If your friend likes the guitar, try not to hate on it too much. As long as it plays and sounds awesome, let him enjoy it.


----------



## Yoshi (May 17, 2009)

Wait, when did they change the BFG from Ash to Mahogany??


----------



## budda (May 17, 2009)

hufschmid said:


> Because of the price 2149$ for that amount. anybody can get a top notch perfectly set up and playable guitar without any flaws....



there's one thing though. if he wanted something else, he would have got something else.

that's the truth, and you all need to deal with it. If I want a gibson, i'll get one. if i want something else, i'll get something else.

if he hates it later, so be it. he got what he asked for.


----------



## hufschmid (May 17, 2009)

budda said:


> there's one thing though. if he wanted something else, he would have got something else.
> 
> that's the truth, and you all need to deal with it. If I want a gibson, i'll get one. if i want something else, i'll get something else.
> 
> if he hates it later, so be it. he got what he asked for.

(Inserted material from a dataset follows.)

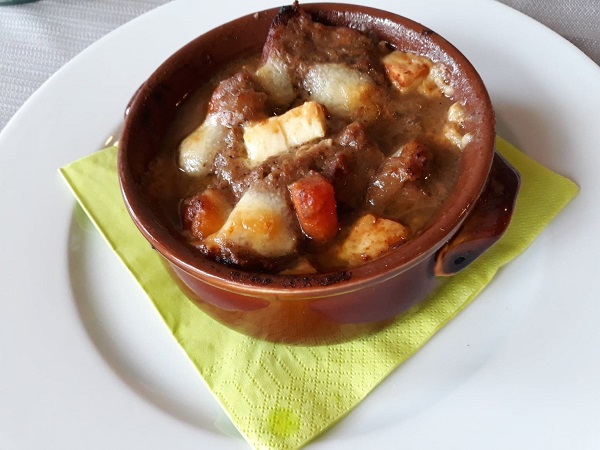 Σβήνουμε με το λευκό κρασί και προσθέτουμε το αλάτι, το πιπέρι και το μοσχοκάρυδο. Προσθέτουμε νερό μέχρι να καλυφθεί το κρέας και μαγειρεύουμε αφού σκεπάζουμε το σκεύος με καπάκι για περίπου 2 ώρες, προσέχοντας να υπάρχει υγρό μέσα στην κατσαρόλα για να μην καεί το κρέας. Αφού τελειώσει το μαγείρεμα μοιράζουμε το κρέας σε πυρίμαχα σκεύη η πήλινα προσθέτουμε κύβους και από τα δύο τυριά και ψήνουμε σε μέτριο φούρνο για 5 περίπου λεπτά.

Actually no, he was expecting something else, a decent Gibson to play on and not a BFG, nobody told him about those finish problems and especially not that they are considered to be ''normal'' by Gibson....

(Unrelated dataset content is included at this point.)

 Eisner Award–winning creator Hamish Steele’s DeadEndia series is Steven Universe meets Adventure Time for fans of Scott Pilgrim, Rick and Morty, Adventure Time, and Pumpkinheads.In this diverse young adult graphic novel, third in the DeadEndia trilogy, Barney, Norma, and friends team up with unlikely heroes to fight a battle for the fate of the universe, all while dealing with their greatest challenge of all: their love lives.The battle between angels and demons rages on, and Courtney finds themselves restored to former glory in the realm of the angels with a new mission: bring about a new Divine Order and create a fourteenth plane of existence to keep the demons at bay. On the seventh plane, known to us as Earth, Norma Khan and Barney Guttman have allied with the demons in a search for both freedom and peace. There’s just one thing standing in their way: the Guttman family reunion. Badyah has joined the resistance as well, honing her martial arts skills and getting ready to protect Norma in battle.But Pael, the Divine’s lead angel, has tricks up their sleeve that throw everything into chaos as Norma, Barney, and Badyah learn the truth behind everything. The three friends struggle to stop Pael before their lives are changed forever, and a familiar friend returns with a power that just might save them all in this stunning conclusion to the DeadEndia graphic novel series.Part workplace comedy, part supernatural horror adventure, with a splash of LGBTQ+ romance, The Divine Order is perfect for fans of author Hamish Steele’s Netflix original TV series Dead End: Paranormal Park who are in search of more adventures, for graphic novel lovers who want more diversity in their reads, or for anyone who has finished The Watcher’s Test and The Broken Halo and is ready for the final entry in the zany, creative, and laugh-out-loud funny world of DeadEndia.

Thats the thing, he got a little too exited when he was reading the name Gary Moore on the headstock and like many others bought this crap....

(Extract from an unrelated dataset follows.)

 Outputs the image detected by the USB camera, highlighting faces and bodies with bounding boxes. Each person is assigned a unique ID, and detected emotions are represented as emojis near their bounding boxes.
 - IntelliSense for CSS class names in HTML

Good thing is the music shop gave his money back and will find an other deal for him, possibly a second hand Gibson which will be 1 million times better....



soliloquy said:


> but who can prove that there is something wrong with that neck joint?



I can, I'm a guitar maker, no guitar maker in the world would build a guitar which has a fingerboard going into the body with a 2mm gap on the edges.... 

If the great Orville would still be alive, he would go down there and beat the living hell out of some people responsable for the actualy production... This is total blasfemy to Orville's original work and an insult to his name


----------



## drmosh (May 17, 2009)

that is fucking atrocious.


----------



## budda (May 17, 2009)

shoulda just bought a standard or studio *sigh*


----------



## lefty robb (May 17, 2009)

This Gibson Epic Fail gets 4 out of 5 Ed Romans...


----------



## sevenstringj (May 17, 2009)

hufschmid said:


> Actually no, he was expecting something else, a decent Gibson to play on and not a BFG, nobody told him about those finish problems and especially not that they are considered to be ''normal'' by Gibson....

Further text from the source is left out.